Dataset section ->

___

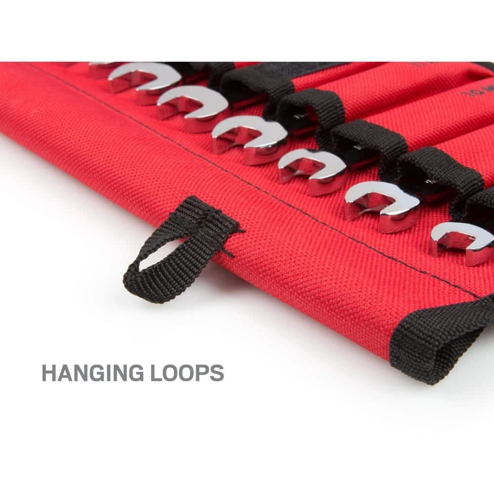 - Includes roll-up storage pouch with tailored cover that keeps wrenches in place so they can’t slide out
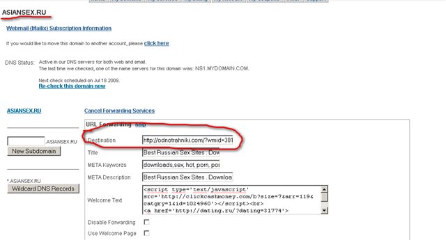 Теперь соответственно набирая asiansex .ru клиент попадал по моей ссылке на сайт однотрахники.com .
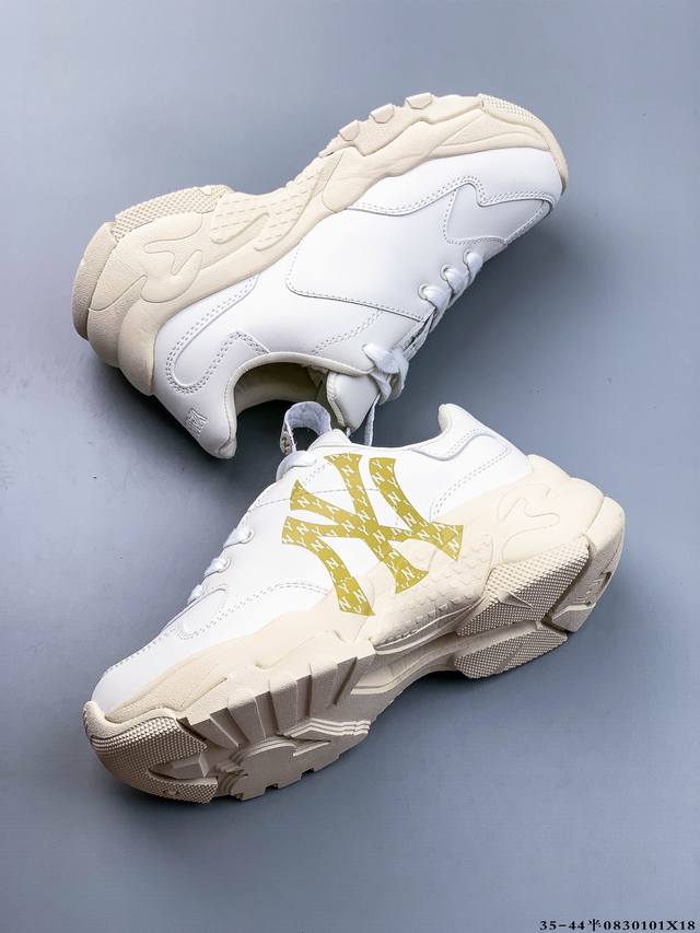 / Mlb Chunky Liner Thick-soled Casual Running Shoes Ny Printed Cowhide Material Sp

___

What to do -> Please return all of the material above exactly, minus any pictures.

Output for this exercise ->
 - Includes roll-up storage pouch with tailored cover that keeps wrenches in place so they can’t slide out
 Теперь соответственно набирая asiansex .ru клиент попадал по моей ссылке на сайт однотрахники.com .
 / Mlb Chunky Liner Thick-soled Casual Running Shoes Ny Printed Cowhide Material Sp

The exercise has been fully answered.